The aid primarily comes in the form of short sales, extinguishment of second liens and principal reduction on primary mortgages. Since the start of the program, the five banks say they’ve given a total of $51 billion in mortgage relief.
Not every form of relief will receive full dollar-for-dollar credit under the settlement, which seeks to incentivize forms of assistance that provide more help. Some forms, such as short sales, will receive just pennies on the dollar.
Bank of America said in May that it had completed its requirements under the settlement, as did JPMorgan Chase. So far, however, Smith has certified only one bank involved – Ally Financial – as actually finished.
In a statement, Wells Fargo said the numbers reported Thursday “represent only a fraction” of the total work the bank has done with troubled borrowers. Wells says it has done 876,000 permanent or trial modifications, and 5.4 million refinances. The bank says it’s asking for credit for only 2 percent of its total activity.
“Over the past year, we have seen the amount of relief and number of borrowers it helped steadily increase,” Smith said in a statement. “As the banks begin to reach their total consumer relief obligations, I am encouraged to see that the settlement has had a measurable impact on hundreds of thousands of borrowers and their communities across the nation.”
Professional firms hired by the monitor are reviewing the numbers provided by the banks.
Next month, Smith’s office will release a report with audited numbers of relief provided through the end of 2012. Determining whether the banks have finished their requirements would come sometime later.
Earlier this summer, Smith released the first look at how the banks have complied with the new mortgage servicing standards that accompanied the relief requirements. That report found both Bank of America and Wells Fargo had failed tests to make sure they were following all the new rules.
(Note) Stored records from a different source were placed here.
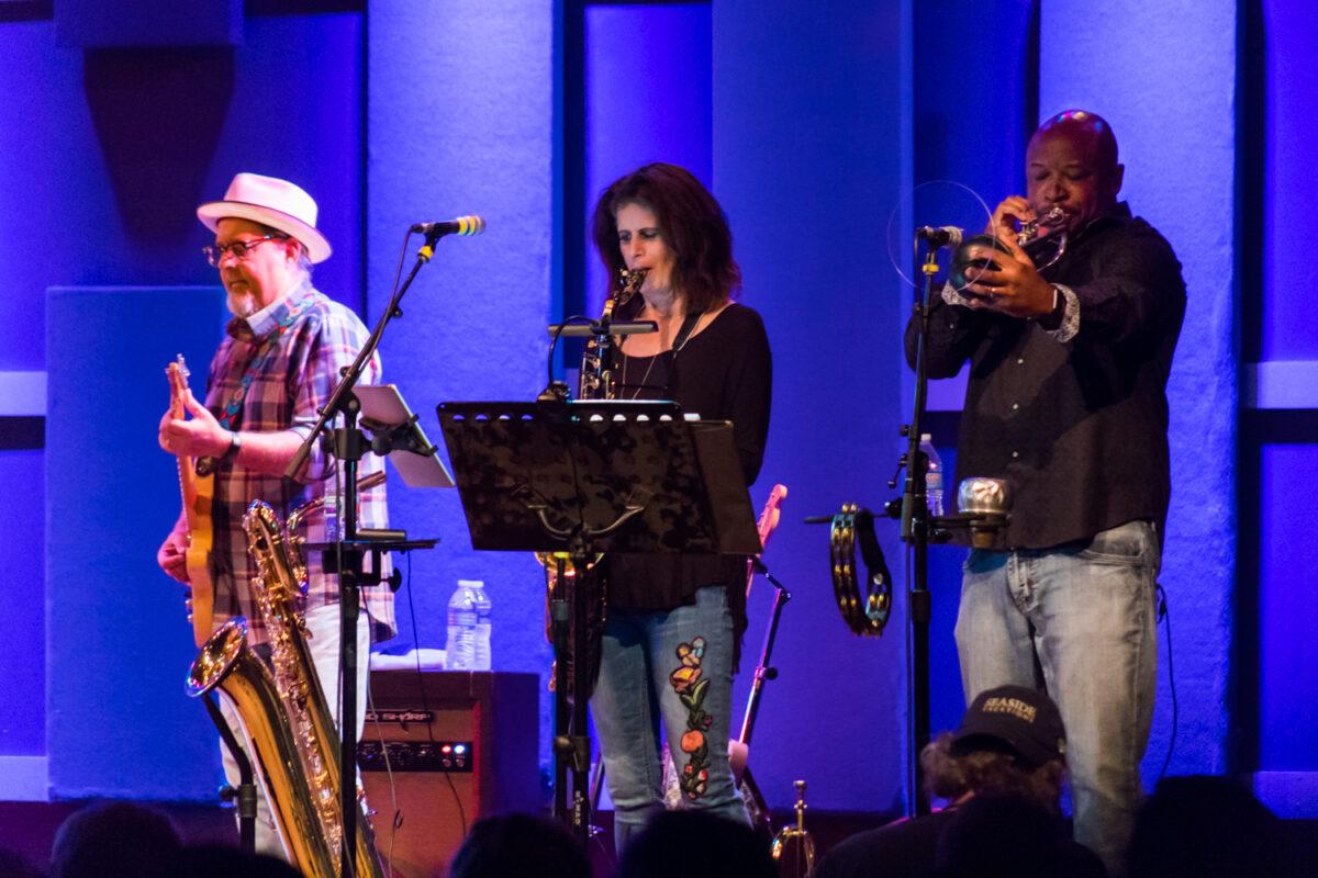 Backed by his seven-piece band Self Made Men + Dana (so named because the band is made up of six men and one woman, saxophonist Dana Robbins), Delbert, in his khakis and polo shirt, opened the show with the new album’s “Mr. Smith,” the lyrics appropriately announcing that he’s “back in town.” Tall, Dark & Handsome takes a look back at McClinton’s Texas roots, and while the prolific artist realizes what a long journey his 60+ year career has been, he doesn’t dwell on the past.
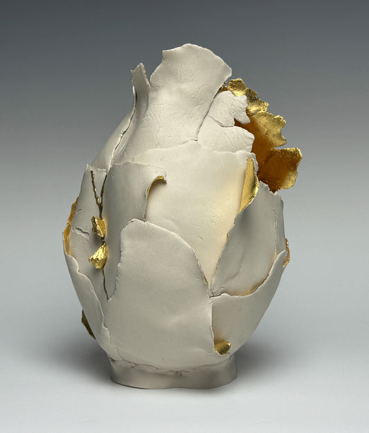 "HELD" PORCELAIN CERAMIC SCULPTURE WITH 23.75 KT GOLD LEAF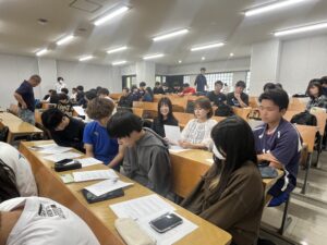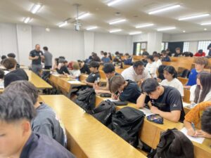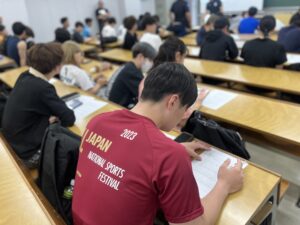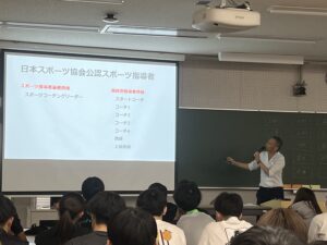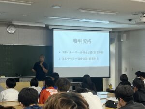 指導者に必要な専門的知識や指導技術を身につけ、社会人として活躍できるよう、各授業を担当する教員からも、資格と授業のつながりや指導者に必要な力について話され、学生は真剣な表情で受講していました。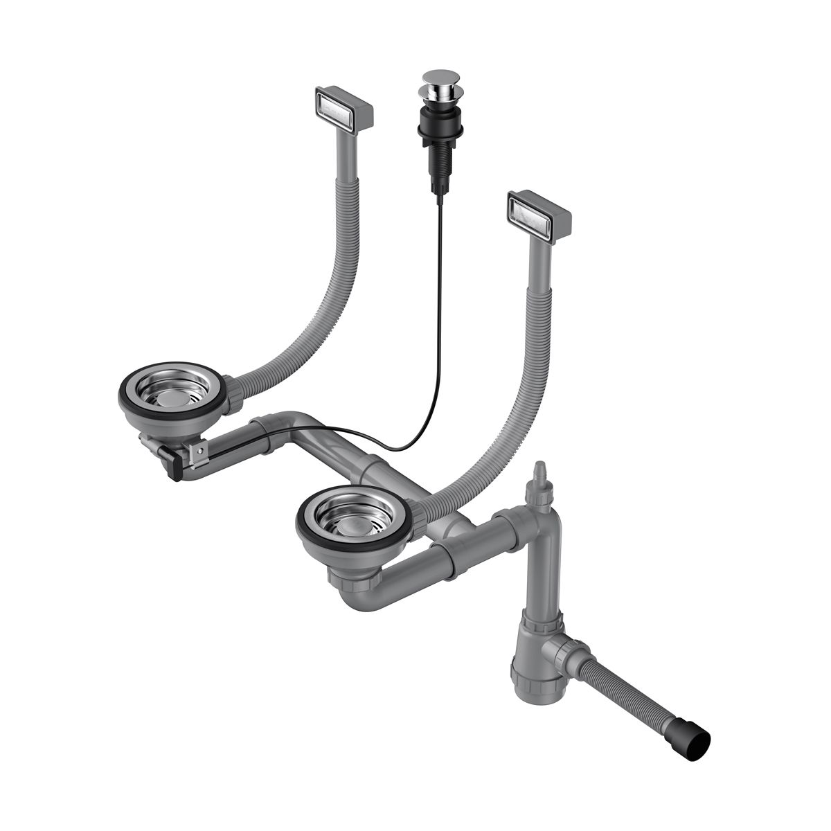 Арматура для двухчашевых моек с прямоугольными переливами, декоративными решетками и клапаном-автомат. Подходит для моек из серии AKISAME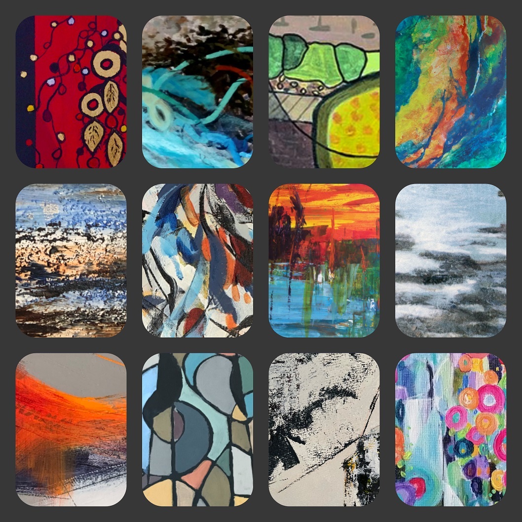 Isolated yet together, they met weekly on zoom. They formed a strong connection, shared ideas and thoughts which encouraged their creativity resulting in a wide range of styles and genres. Participating artists: Jane Boot, Di Ward, Jo Hearn, Jan Denton, Kate Howard, Lyn Harradine, Liza Donoghue, Maggie Pearson, Mina Malpass, Stella Berkeley, Susie Harvey, Laurel Smart.

Banks: We’ve fixed problems
Smith found Bank of America failed two tests, each in the first quarter of this year. One requires banks to provide correct information in letters sent to homeowners before sending them into foreclosure. The other requires banks to tell borrowers working on a loan modification whether they have sent in all the correct documents within five days.
Wells Fargo failed one test in the fourth quarter last year. It also involved telling people about missing documents within five days.
Both banks said they had addressed the problems.